Professor Hayward has compiled a thought-provoking book for those interested in games and puzzles. The author examines the board game Hex. Hex is a two-player game with a simple set of rules. The board used for Hex is unlike the square boards with the square cells that we are accustomed to in games like Chess or Go. Rather, the Hex board is a rhombus-shaped board containing hexagonal cells.
The game is played as follows: one player has the black stones while the opposing player has the white stones. The object of the game is to connect opposite sides of the rhombus. The players alternately place their stones on the hexagonal cells. The winning player is the one whose stones connect to form a continuous path from one side of the board to the opposite side.
Hex is normally played on an 11x11-celled rhombus although some players prefer playing the game on the 13x13-celled rhombus or the 19x19-celled rhombus.
Author Hayward has written this book as an introduction to the game Hex.
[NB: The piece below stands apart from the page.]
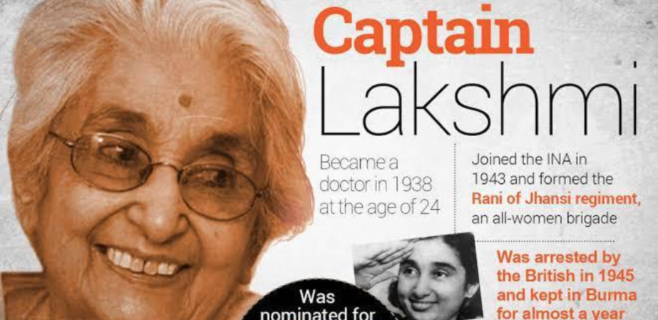 *Lakshmi Sahgal,* passed away on 23 July 2012, was a revolutionary of the Indian independence movement, an officer of the Indian National Army, and the Minister of Women's Affairs in the Azad Hind government. Sahgal is commonly referred to in India as _"Captain Lakshmi",_ a reference to her rank when taken prisoner in Burma during the Second World War.

The rules are clearly explained in the beginning of the text and the reader is immediately introduced to strategies and puzzles utilizing 2x2-celled, 3x3-celled, 4x4-celled, and 5x5-celled rhombi. The book “Hex” demonstrates the mathematics of both winning and blundering strategies. Numerous puzzles and their solutions are incorporated throughout the eleven chapters.
Hayward traces the origins of Hex to its very beginning in 1941 when the outspoken anti-Nazi Danish engineer and poet, Piet Hines, went underground after the German invasion of Denmark. Hines invented the game he called Polygon from his experience working on the four-color map problem. Parker Brothers eventually heard about the game after the war, renamed it Hex, and began selling it in boxed sets in 1951.
The final chapters of the book discuss how computers play Hex. The reader is also introduced to a large variety of boards that can be used to play Hex. I was particularly captivated by the geodesic-Y board, which can be used in place of the rhombus board. I could not put the book down until I attempted playing Hex and solving puzzles using the geodesic Y-board.
The book is written so that the non-specialist can readily read, understand, and work the puzzles. However, the expert Hex player and skilled mathematician will also enjoy many of the pearls of wisdom included in this text.
I would recommend this book as a supplement to courses covering topics such as Game Theory or Recreational Mathematics. I also recommend this book for those in a Chess Club, Math Club, and any group studying winning and losing tactics.
Tom French has a B.S. and a M.S. degree in Mathematics from Minnesota State University, Mankato. He has 35 years of engineering and business experience with UNIVAC and its successor companies. He was part of the design team that first implemented medium-scale and large-scale integrated circuits into computers. Tom was the program manager for several large computer innovations and was one of the leaders who implemented the technology revolution into the banking system in the Russian Federation. He has lectured on mathematics and computer systems throughout the world and has taught mathematics at a number of US colleges and universities.